[rabbitmq-discuss] RabbitMQ 3.1.0 lost messages and autoheal failures when recovering from cluster partition

Mon May 20 11:30:01 BST 2013

On 17/05/13 20:38, Maslinski, Ray wrote:
> Hello,

Hi!

> To simulate a network partition failure, I’ve been using iptables to
> temporarily block inbound and outbound access on one of the nodes to the
> single port configured for cluster communications through
> inet_dist_listen_min and inet_dist_listen_max settings (min = max).
> Client access is not blocked during a simulated partition fault.

Sounds reasonable.

> I’ve observed two anomalies during testing that I wasn’t expecting based
> on the documentation I’ve read:
>
> -At a sufficiently high message rate, some number of messages will be
> lost during the fault sequence, with the number lost tending to increase
> with message rate.  No indication of a send error has been observed by
> the client program. Based on results obtained from test logs and an
> independent monitor listening on trace messages from each node, it
> appears that as soon as the port is blocked, both nodes continue to
> accept published messages, but (temporarily) stop delivering messages
> until the cluster heartbeat failure is detected, at which point the
> cluster is partitioned and the slave promotes itself to become master.
> In the sequences I’ve looked at, the messages that are lost all appear
> to be published to the original master (and final master after a winner
> is selected during autoheal).  Neither the start nor the end of the lost
> message window appear to line up with any events in the logs, other than
> the start occurring sometime after the port connection is blocked but
> before the cluster heartbeat failure is detected, and the end occurring
> sometime after the detection of the cluster heartbeat failure and before
> the detection of the partitioned cluster after the connection is
> unblocked.  Is message loss to be expected in this scenario?

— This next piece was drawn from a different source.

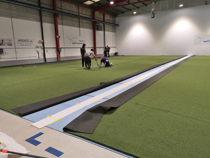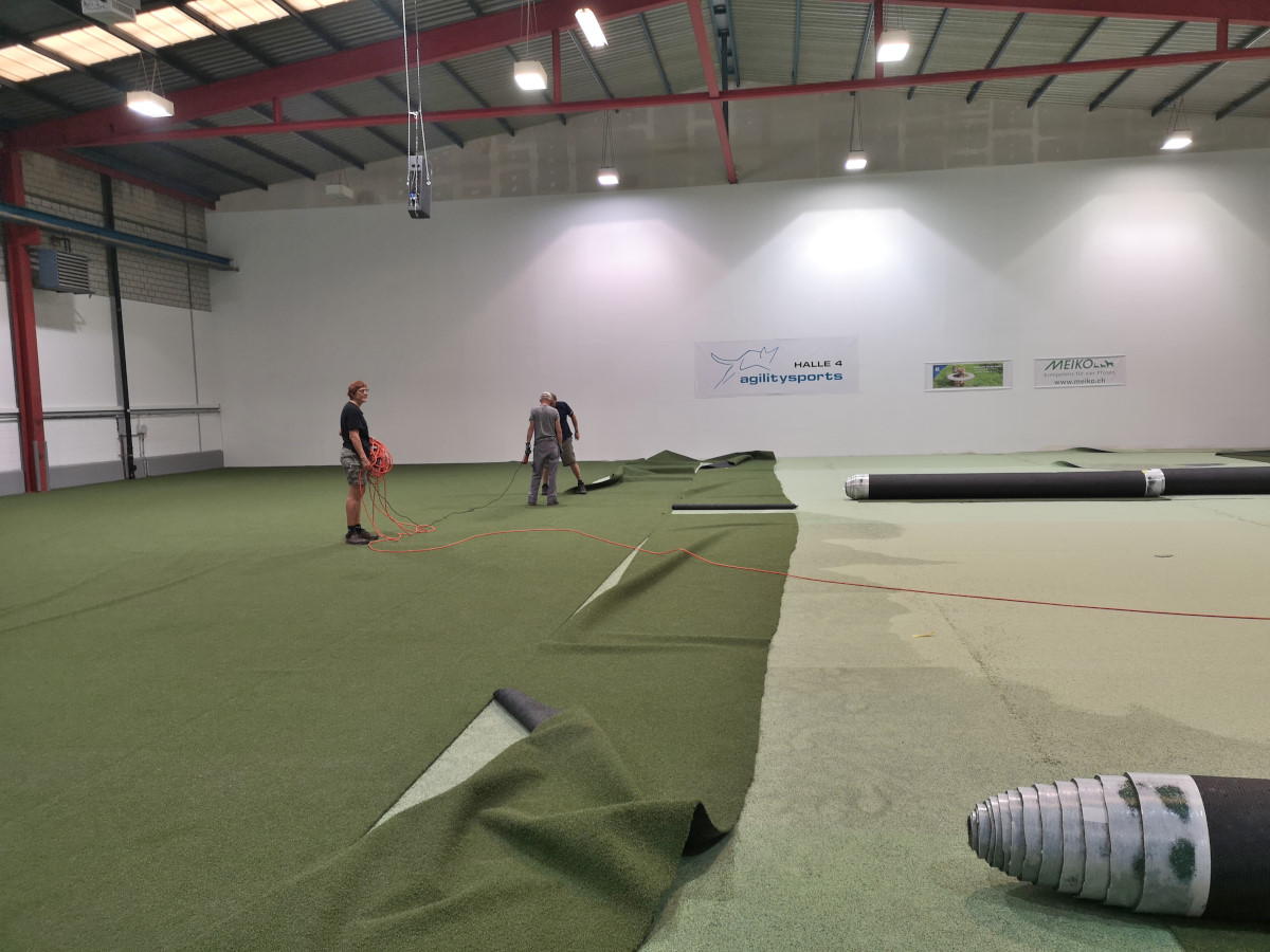 Dämmmatte und Kunstrasen müssen auf der gesamten Fläche von 1'250 m2 entsorgt und erneuert werden. Dies bedeutet einen nochmaligen und langen Unterbruch des gesamten Hallenbetriebs.

I would expect to see message loss in a cluster heal scenario.

It's important to remember that a cluster partition is still a 
substantial problem, and the healing process involves throwing state 
away. Autoheal mode just means you get through this process faster, and 
hopefully spend much less time accepting messages that will end up being 
lost.

I would expect intuitively that only messages from the losing partitions 
would be lost. But I am not entirely surprised if messages from the 
winner are lost too; there is a period after the partitions have come 
back together but before autoheal kicks in during which we will have 
multiple masters for a queue, and behaviour can be unpredictable.

> -Occasionally the autoheal loser node fails to rejoin the cluster after
> restart.  I don’t have a lot of data points on this one since it’s only
> happened a handful of times during overnight test iterations.  During
> one failure, the autoheal winner showed the log message below during
> recovery:

Ah, that looks like a bug in autoheal. I think the stack trace you 
posted should contain enough information to fix it. Thanks.

Cheers, Simon

-- 
Simon MacMullen
RabbitMQ, Pivotal